• Work item: Each line below from the "Deze dia is" line through the "In the front, Oak" line, those two included, must be restated word for word; the pictures must not be.

• Source data:

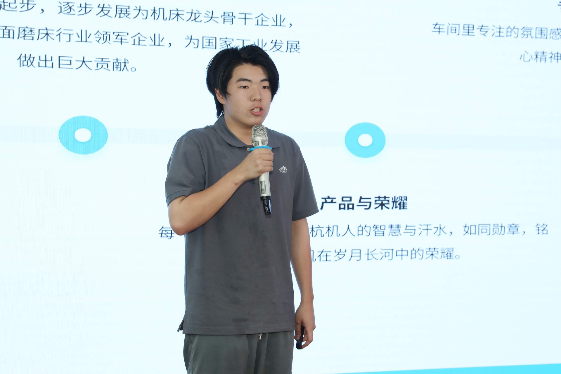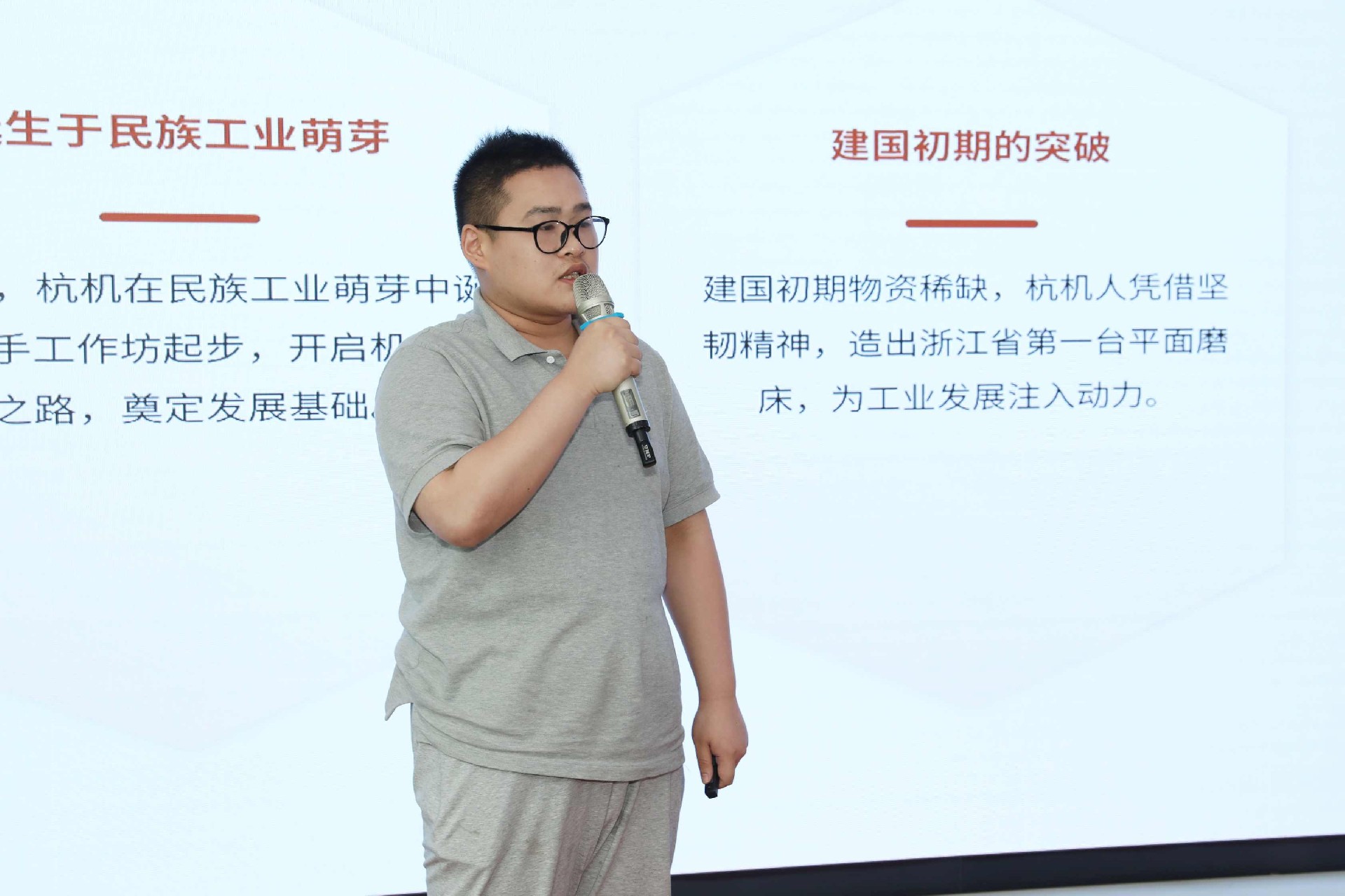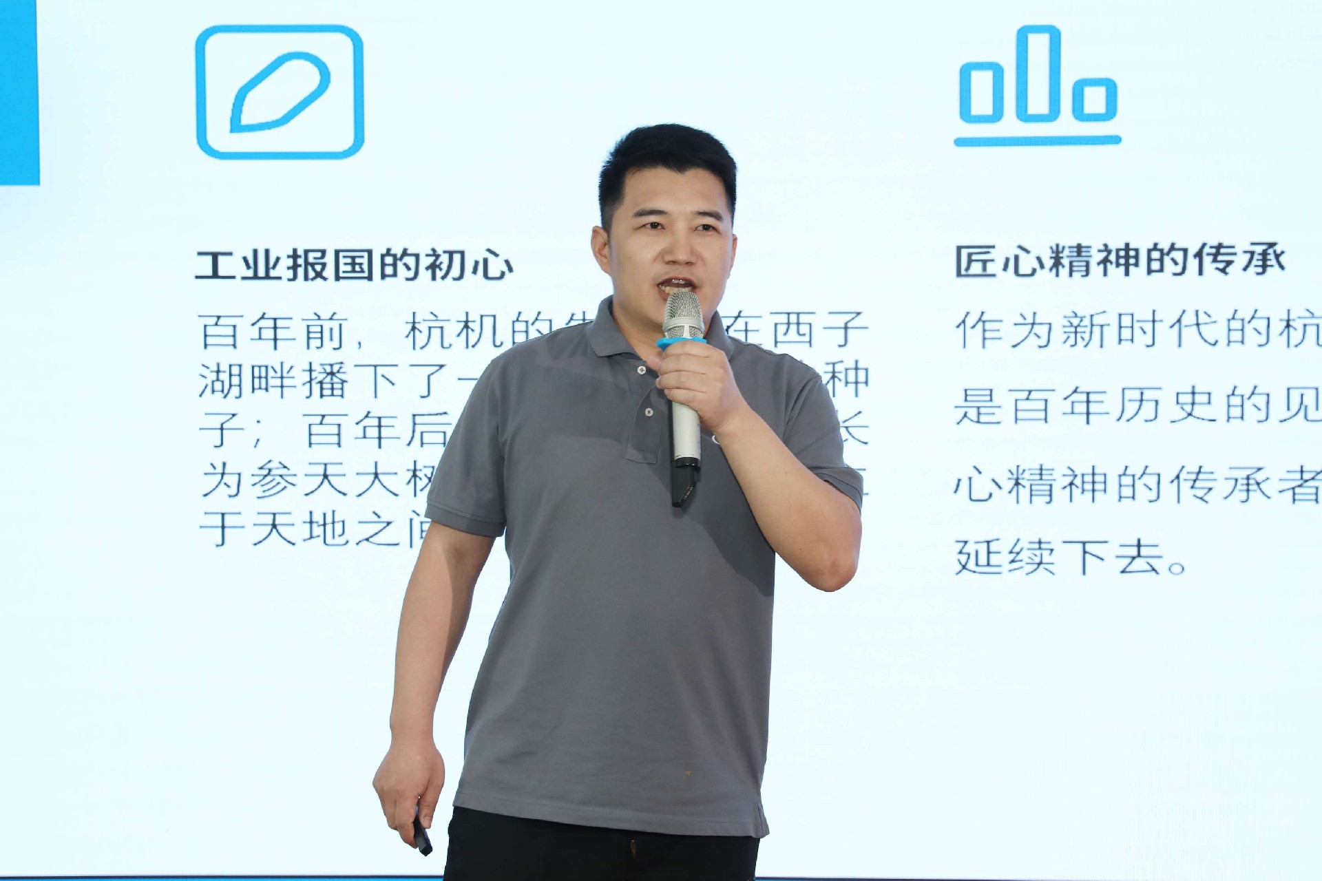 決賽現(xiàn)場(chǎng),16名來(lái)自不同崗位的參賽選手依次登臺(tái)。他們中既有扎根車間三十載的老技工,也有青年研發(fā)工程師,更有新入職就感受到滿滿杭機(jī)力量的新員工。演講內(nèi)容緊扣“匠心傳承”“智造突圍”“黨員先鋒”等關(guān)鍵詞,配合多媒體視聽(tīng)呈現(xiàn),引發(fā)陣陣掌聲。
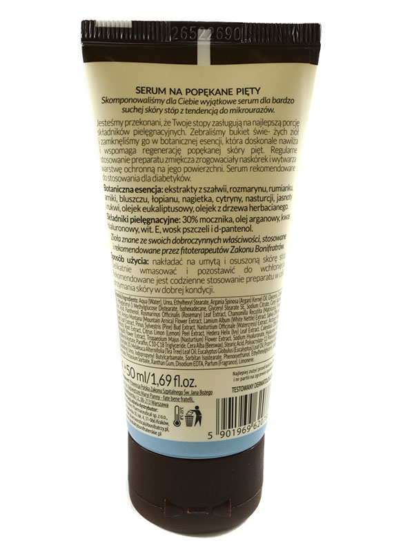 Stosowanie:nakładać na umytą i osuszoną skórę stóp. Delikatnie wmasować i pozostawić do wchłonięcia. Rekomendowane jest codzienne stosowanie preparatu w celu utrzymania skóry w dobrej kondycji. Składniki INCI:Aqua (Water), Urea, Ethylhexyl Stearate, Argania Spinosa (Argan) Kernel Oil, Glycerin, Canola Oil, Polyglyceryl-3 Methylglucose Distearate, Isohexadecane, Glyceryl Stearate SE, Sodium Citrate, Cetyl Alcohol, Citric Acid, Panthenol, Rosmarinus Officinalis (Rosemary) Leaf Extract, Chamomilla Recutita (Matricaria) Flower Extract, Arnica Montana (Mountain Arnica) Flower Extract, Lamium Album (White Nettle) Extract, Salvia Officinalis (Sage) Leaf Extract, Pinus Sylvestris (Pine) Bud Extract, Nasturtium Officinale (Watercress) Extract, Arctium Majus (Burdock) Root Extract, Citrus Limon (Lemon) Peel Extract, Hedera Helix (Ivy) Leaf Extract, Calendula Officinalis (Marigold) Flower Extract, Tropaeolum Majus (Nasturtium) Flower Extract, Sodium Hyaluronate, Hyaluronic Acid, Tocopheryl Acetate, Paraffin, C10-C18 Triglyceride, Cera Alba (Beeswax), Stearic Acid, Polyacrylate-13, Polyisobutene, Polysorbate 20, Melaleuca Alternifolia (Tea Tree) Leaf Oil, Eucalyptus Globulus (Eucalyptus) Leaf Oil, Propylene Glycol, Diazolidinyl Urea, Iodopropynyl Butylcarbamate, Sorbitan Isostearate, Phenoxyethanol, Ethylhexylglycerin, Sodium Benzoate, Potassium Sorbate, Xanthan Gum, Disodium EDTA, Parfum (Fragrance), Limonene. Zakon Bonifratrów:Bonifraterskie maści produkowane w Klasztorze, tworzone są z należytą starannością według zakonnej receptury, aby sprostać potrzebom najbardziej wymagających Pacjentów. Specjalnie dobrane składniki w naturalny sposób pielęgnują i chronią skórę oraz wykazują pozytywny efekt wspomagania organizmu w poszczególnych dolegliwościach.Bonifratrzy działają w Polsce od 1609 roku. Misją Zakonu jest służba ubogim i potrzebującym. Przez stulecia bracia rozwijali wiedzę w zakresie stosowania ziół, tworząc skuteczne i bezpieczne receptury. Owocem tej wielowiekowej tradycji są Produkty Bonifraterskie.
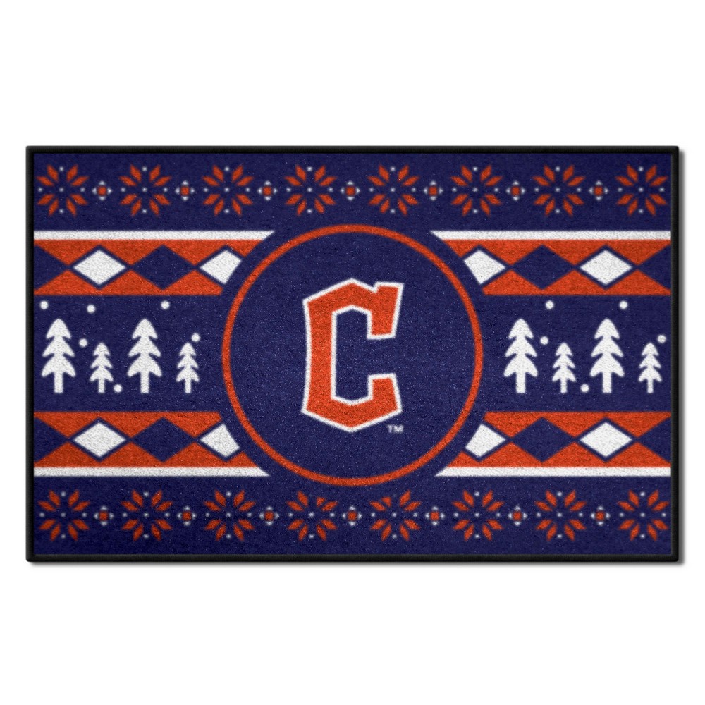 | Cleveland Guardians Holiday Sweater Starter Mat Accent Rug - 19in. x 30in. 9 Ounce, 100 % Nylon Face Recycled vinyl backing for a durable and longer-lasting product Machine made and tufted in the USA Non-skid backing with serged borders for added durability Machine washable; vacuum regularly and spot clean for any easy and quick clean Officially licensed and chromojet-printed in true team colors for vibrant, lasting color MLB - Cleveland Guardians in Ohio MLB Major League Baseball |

==

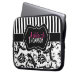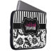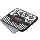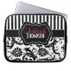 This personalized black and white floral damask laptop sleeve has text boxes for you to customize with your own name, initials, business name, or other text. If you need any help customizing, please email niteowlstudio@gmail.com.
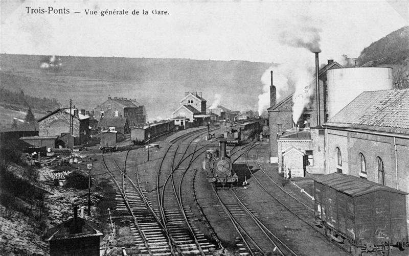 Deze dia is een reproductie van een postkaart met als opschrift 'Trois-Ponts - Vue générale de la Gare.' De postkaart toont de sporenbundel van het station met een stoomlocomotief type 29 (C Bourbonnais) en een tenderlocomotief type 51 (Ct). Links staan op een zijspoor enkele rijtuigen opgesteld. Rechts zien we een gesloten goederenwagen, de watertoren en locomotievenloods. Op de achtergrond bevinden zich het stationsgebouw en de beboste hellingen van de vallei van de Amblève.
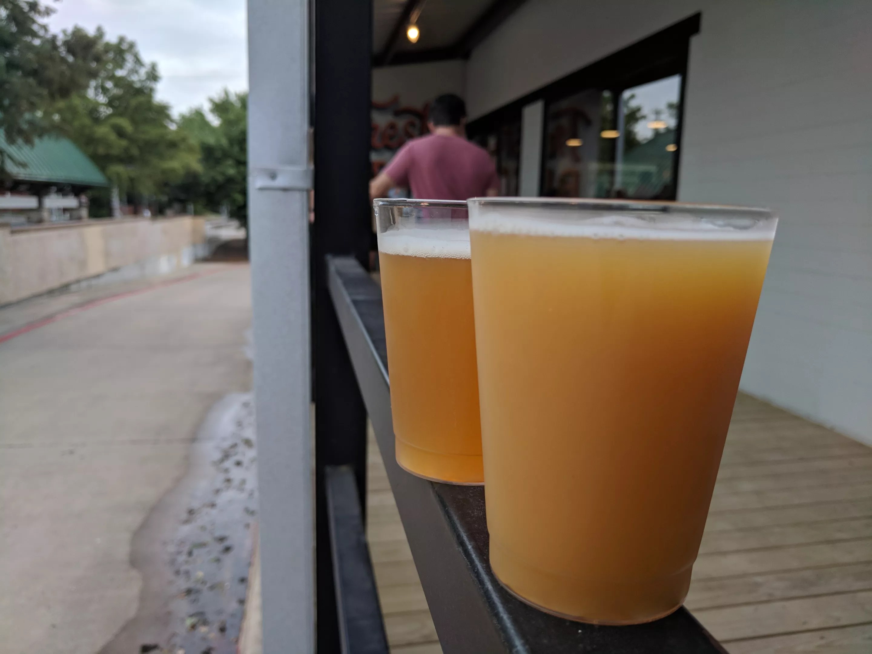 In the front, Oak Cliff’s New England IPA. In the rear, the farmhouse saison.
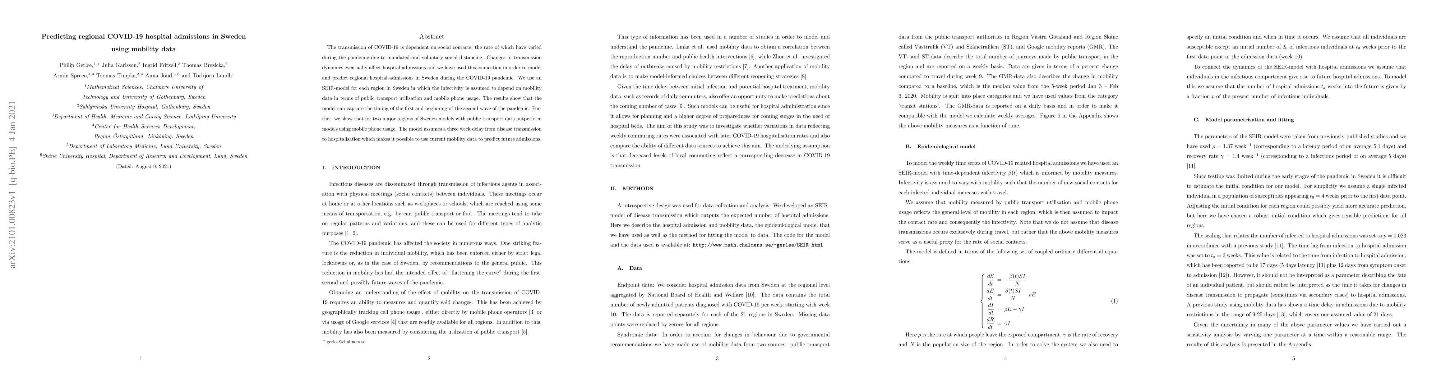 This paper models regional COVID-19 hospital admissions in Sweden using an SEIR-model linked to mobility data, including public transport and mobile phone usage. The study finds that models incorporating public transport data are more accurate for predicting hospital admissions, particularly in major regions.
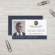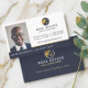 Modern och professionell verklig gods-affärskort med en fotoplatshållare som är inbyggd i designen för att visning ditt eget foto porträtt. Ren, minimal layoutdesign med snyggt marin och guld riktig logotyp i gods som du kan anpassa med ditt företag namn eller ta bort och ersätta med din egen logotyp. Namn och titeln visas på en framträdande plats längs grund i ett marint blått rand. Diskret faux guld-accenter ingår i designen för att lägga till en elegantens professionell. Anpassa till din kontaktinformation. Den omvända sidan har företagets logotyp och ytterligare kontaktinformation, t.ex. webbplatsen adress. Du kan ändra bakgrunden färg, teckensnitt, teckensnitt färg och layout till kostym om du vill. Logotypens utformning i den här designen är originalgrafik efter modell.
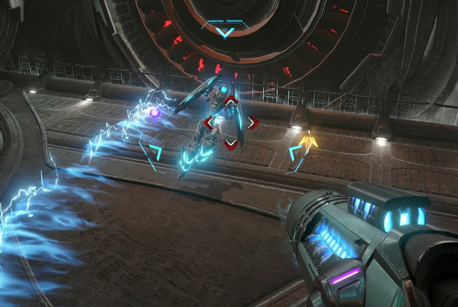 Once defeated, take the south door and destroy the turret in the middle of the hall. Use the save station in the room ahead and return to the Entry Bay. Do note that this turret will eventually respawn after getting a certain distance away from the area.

• Task solution:
 Deze dia is een reproductie van een postkaart met als opschrift 'Trois-Ponts - Vue générale de la Gare.' De postkaart toont de sporenbundel van het station met een stoomlocomotief type 29 (C Bourbonnais) en een tenderlocomotief type 51 (Ct). Links staan op een zijspoor enkele rijtuigen opgesteld. Rechts zien we een gesloten goederenwagen, de watertoren en locomotievenloods. Op de achtergrond bevinden zich het stationsgebouw en de beboste hellingen van de vallei van de Amblève.
 In the front, Oak Cliff’s New England IPA. In the rear, the farmhouse saison.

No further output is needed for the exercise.